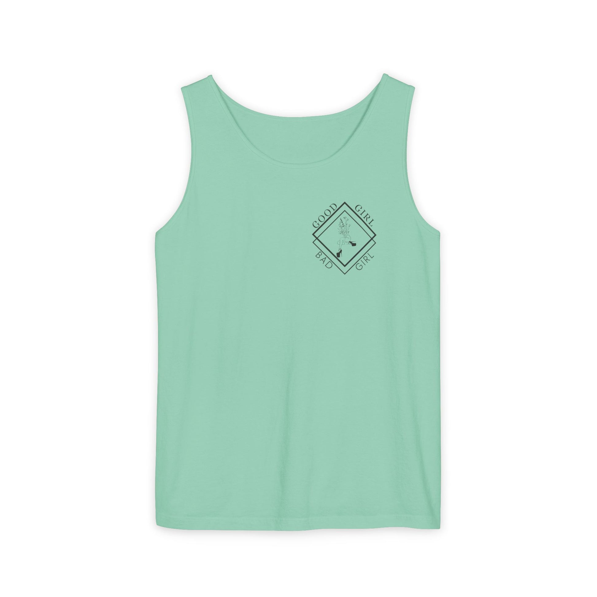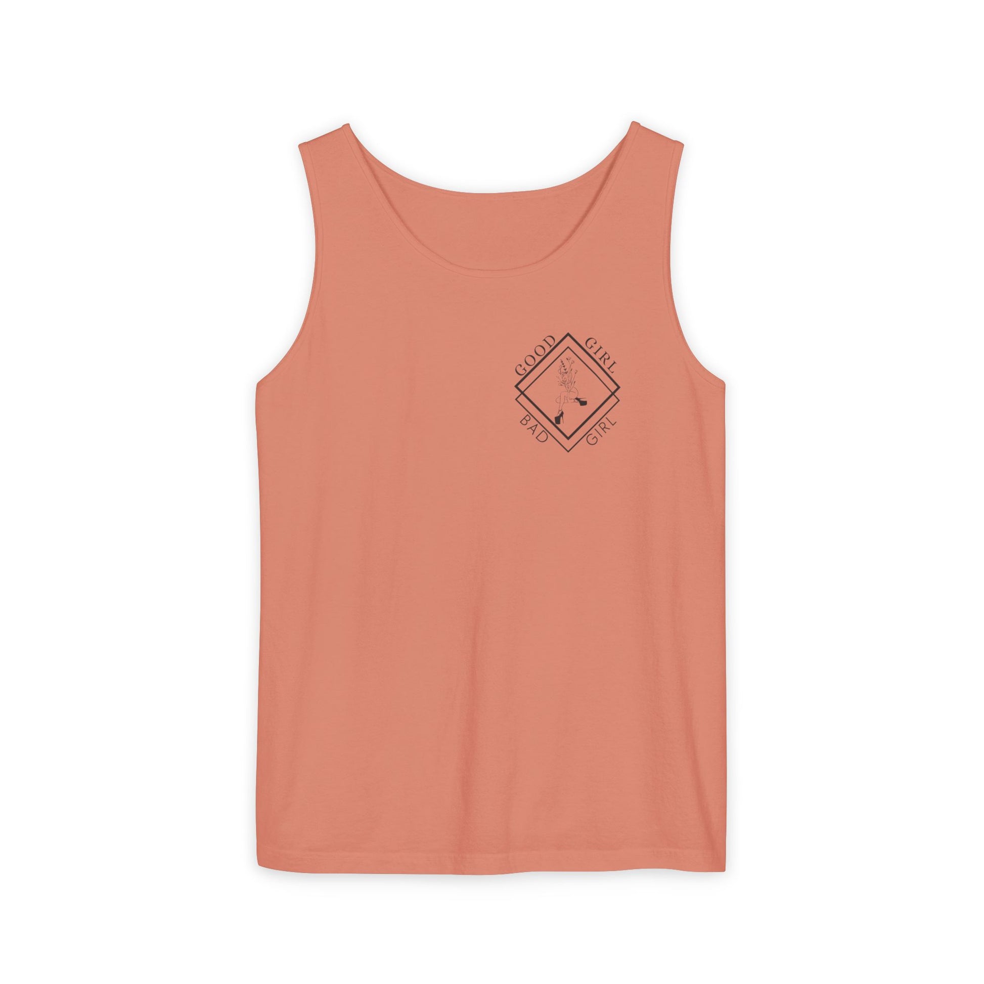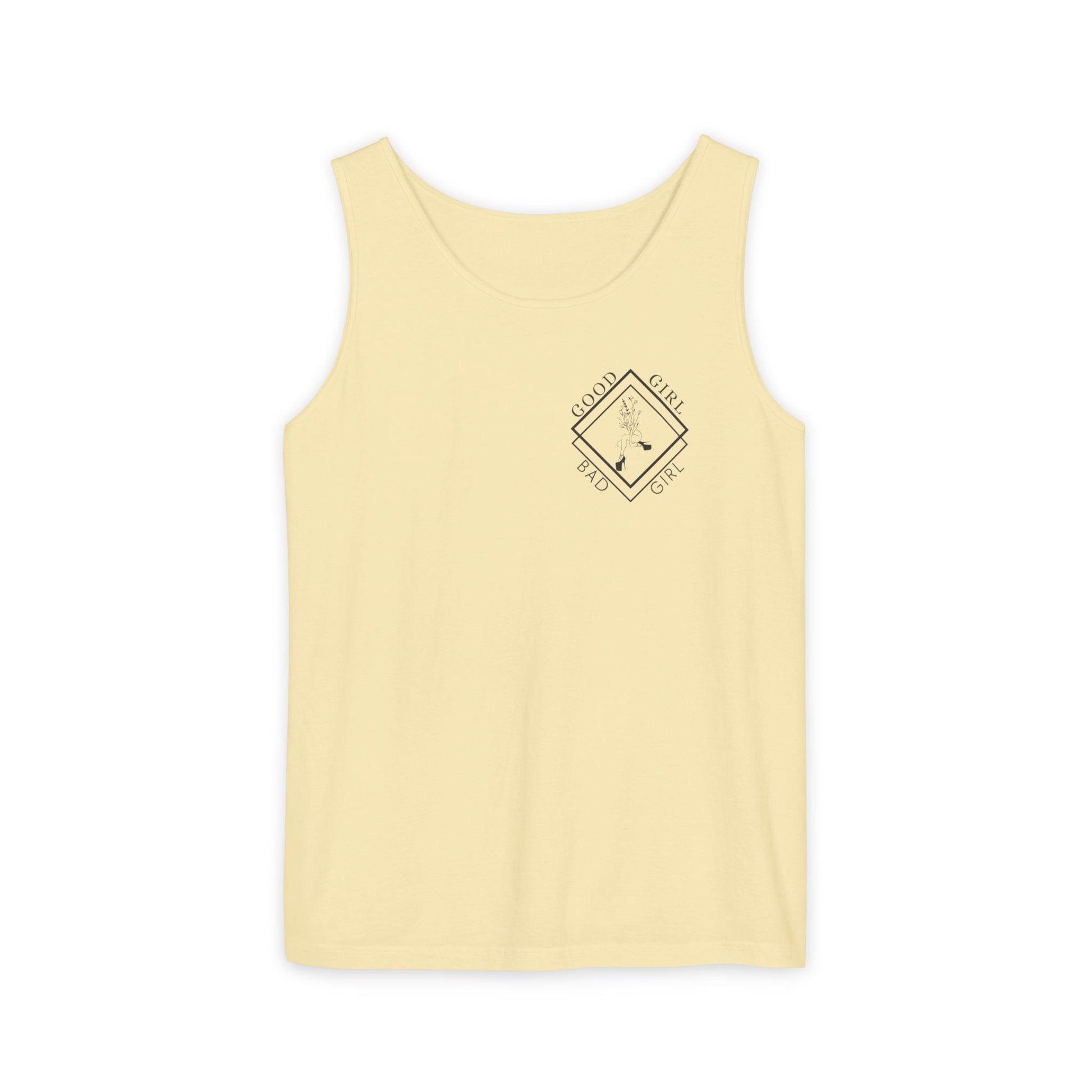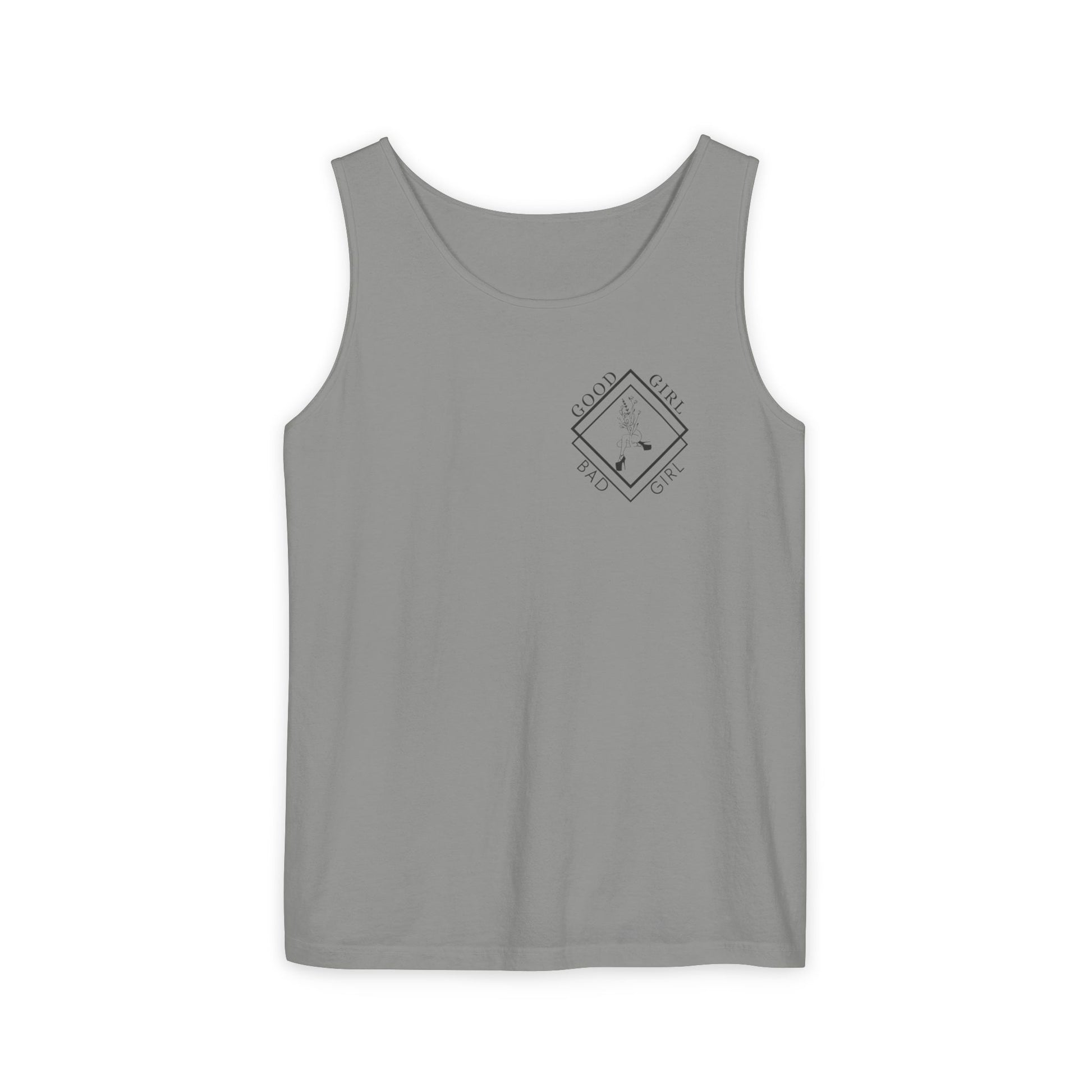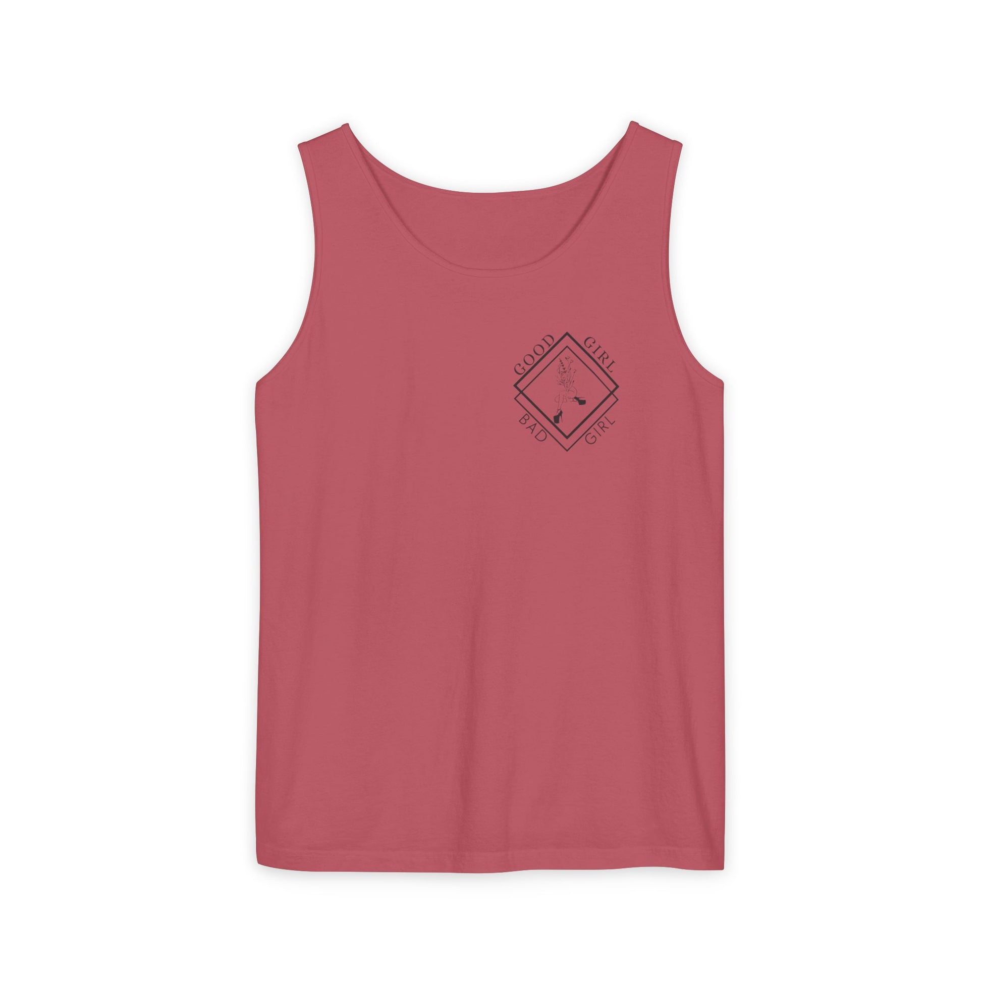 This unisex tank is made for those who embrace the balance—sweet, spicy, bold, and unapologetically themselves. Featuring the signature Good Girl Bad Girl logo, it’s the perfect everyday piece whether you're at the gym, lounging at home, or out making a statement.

^^^^

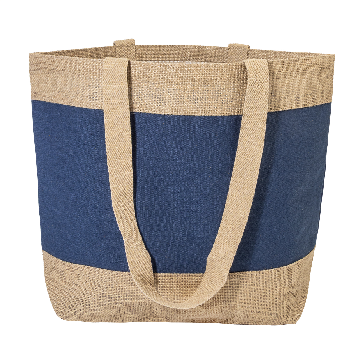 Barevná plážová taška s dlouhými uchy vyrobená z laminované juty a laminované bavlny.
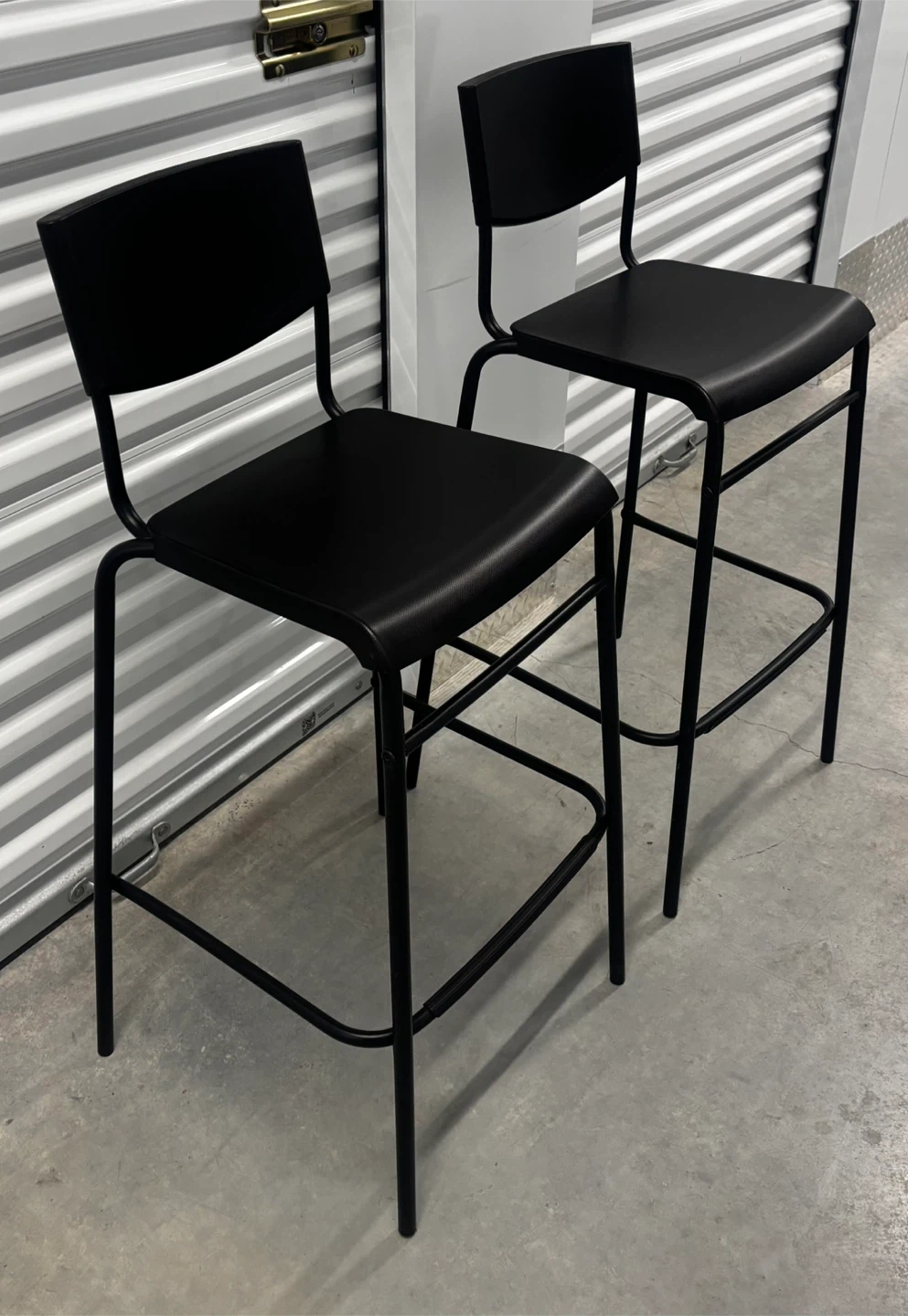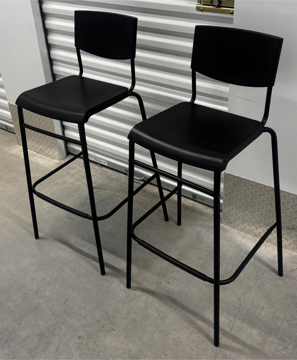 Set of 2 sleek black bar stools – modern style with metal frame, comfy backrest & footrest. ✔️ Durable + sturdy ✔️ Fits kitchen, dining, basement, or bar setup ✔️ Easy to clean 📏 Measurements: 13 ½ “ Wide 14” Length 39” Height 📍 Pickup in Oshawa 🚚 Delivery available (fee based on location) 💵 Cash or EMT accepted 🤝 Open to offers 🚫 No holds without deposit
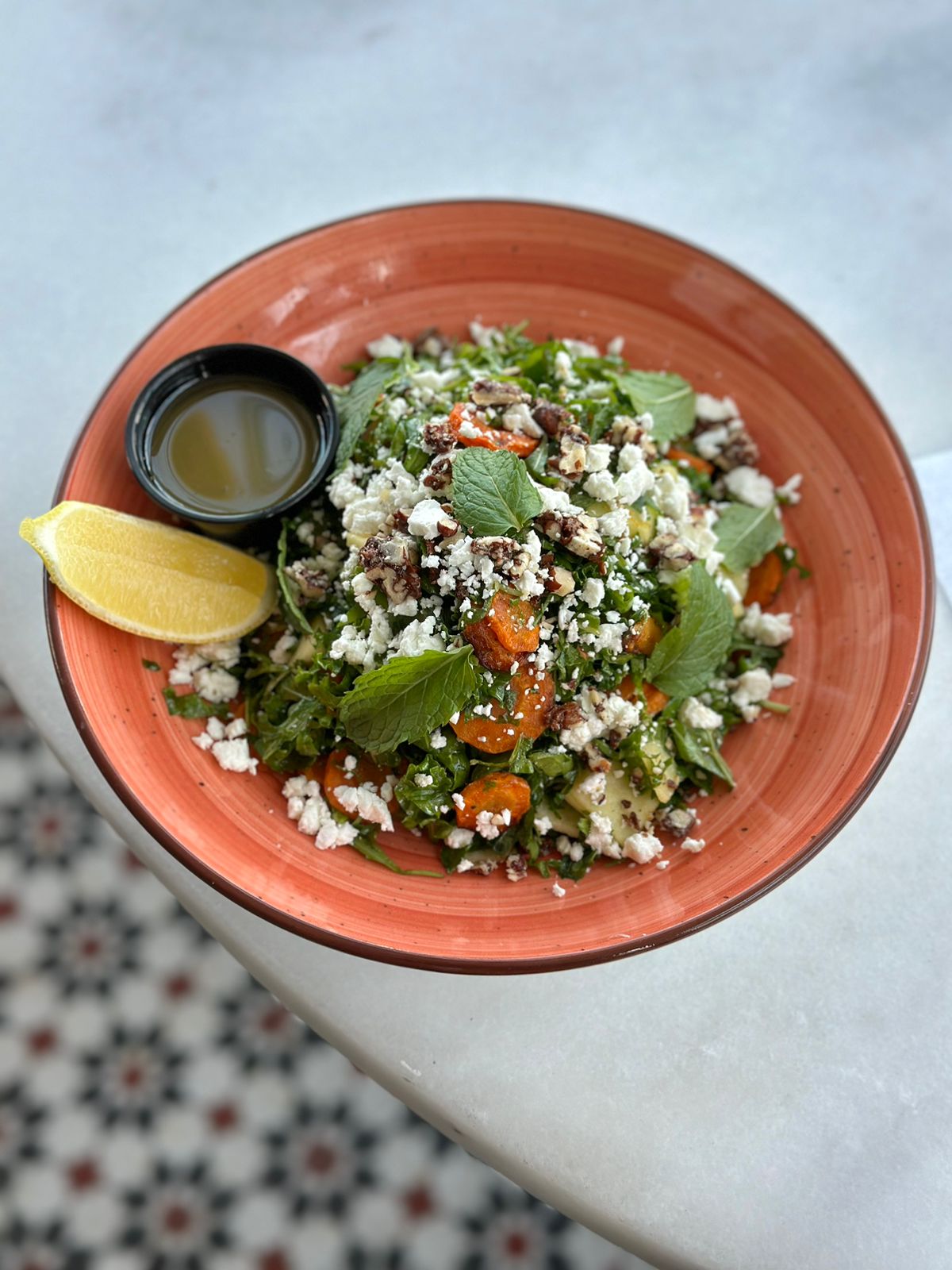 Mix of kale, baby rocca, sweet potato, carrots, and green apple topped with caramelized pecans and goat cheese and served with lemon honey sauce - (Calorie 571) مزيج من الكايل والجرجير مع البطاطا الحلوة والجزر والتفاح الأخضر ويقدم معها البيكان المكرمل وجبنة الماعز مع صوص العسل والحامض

^^^^

• What needs to be done
Out of the records above, return only the lines from the one with "Barevná plážová taška" through the one with "Mix of kale, baby", exactly, and none of the pictures.

• Task result
 Barevná plážová taška s dlouhými uchy vyrobená z laminované juty a laminované bavlny.
 Set of 2 sleek black bar stools – modern style with metal frame, comfy backrest & footrest. ✔️ Durable + sturdy ✔️ Fits kitchen, dining, basement, or bar setup ✔️ Easy to clean 📏 Measurements: 13 ½ “ Wide 14” Length 39” Height 📍 Pickup in Oshawa 🚚 Delivery available (fee based on location) 💵 Cash or EMT accepted 🤝 Open to offers 🚫 No holds without deposit
 Mix of kale, baby rocca, sweet potato, carrots, and green apple topped with caramelized pecans and goat cheese and served with lemon honey sauce - (Calorie 571) مزيج من الكايل والجرجير مع البطاطا الحلوة والجزر والتفاح الأخضر ويقدم معها البيكان المكرمل وجبنة الماعز مع صوص العسل والحامض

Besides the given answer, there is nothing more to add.